The Field Guide for Radical Living: A Six-Week Series
There is an art to living well, and even more so when living with depression, PTSD, or any other mental health condition.
This field guide is a six-week blog series for those who want to master that art.
Each “radical” is a practice. Together, they form a way of living.
This guide is designed to help out during the toughest times. Chances are, if things feel like they are falling apart, if it feels like life isn't going how we would like it too, one of the “radicals” in this series is going to speak to you and be a call to action.
Each “radical” is a little complex, a little nuanced. Some take a while to wrap your head around. Most of them contain within them a dialectic, or a need to hold two things true at once.
Week four: Self-Repair and Compassion
Practices that heal shame, self-attack, and burnout.
These counterbalance discipline and responsibility, preventing rigidity, perfectionism, and emotional exhaustion.
Radical Self-Compassion
You are worthy, always. Even when you are a total mess.
You can be working on yourself and love yourself at the same time.
Self-compassion isn’t letting yourself off the hook, it’s letting yourself be human.
Try this: What would I say to a friend I care deeply about who was in this same situation
Radical Joy
Learning to see the little things and allowing yourself to celebrate them fiercely
You can enjoy the hell out of little things even when the big picture of our lives doesn't currently look great. Don’t wait for joy to be “appropriate.” Don’t wait for life to be perfect. Let yourself feel good, even when things are messy. Radical joy doesn’t mean pretending things are fine when they’re not. It means allowing yourself moments of beauty and pleasure, even in the middle of chaos. It says: Joy doesn’t need to be earned. It’s a human right. I can enjoy the small things even when life is stressful and imperfect.

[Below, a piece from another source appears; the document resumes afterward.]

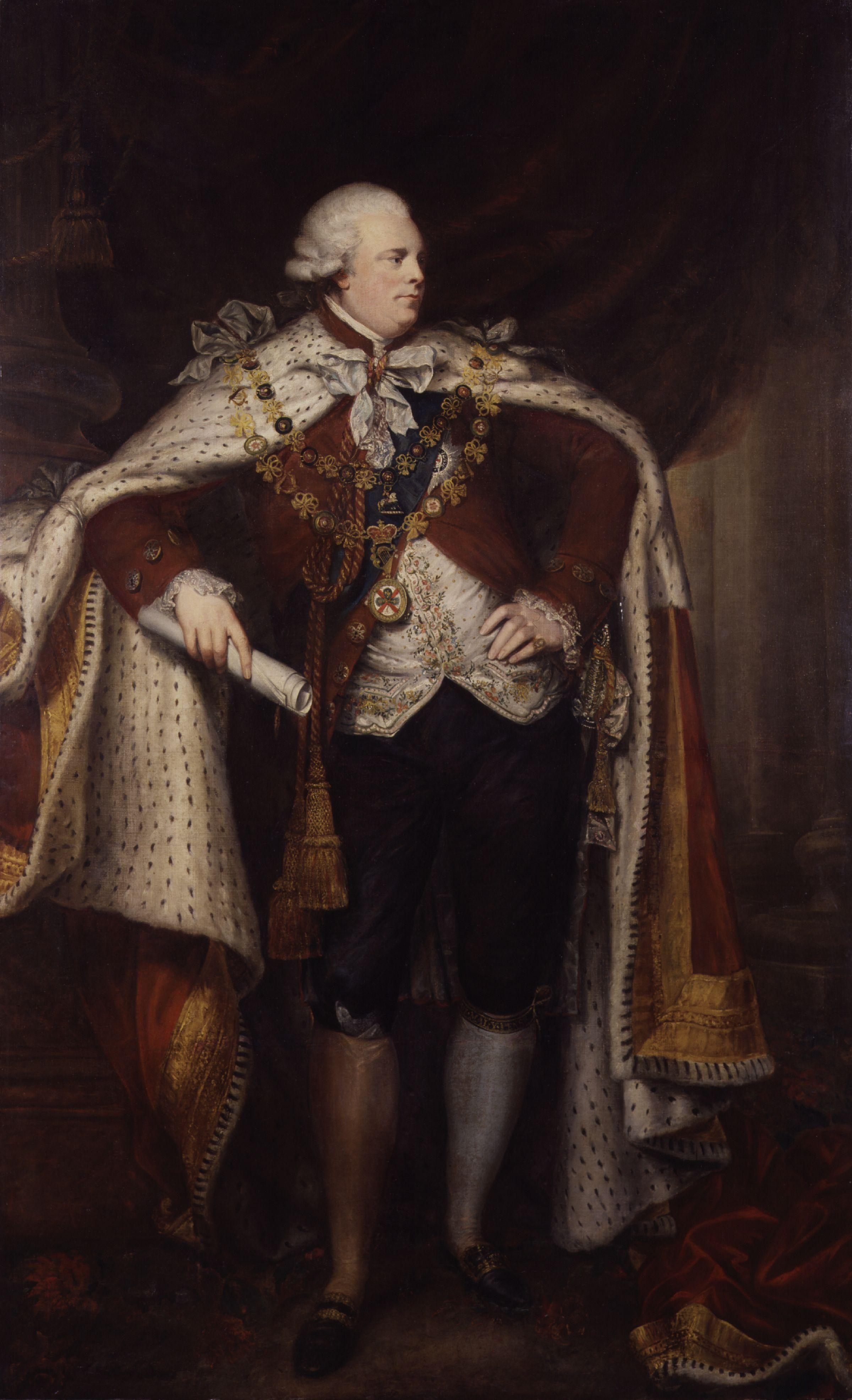 George Nugent Temple Grenville, 1st Marquess of Buckingham, by unknown artist. All images in this batch have an unknown author, but there is strong evidence it was first published before 1923 (based mainly on the NPG's estimated date of the work).

Try this: Go “glimmer hunting”. Can you find one small thing that brings you even the slightest joy, can you let yourself truly feel it?
Growth does not require cruelty. You are allowed to rest, to laugh, to feel moments of lightness even while you’re healing heavy things. Self-compassion is not a detour from the work, it is the work. And joy, especially in small doses, is not denial. It’s resilience in disguise. Let yourself be human here. Let yourself feel good when you can.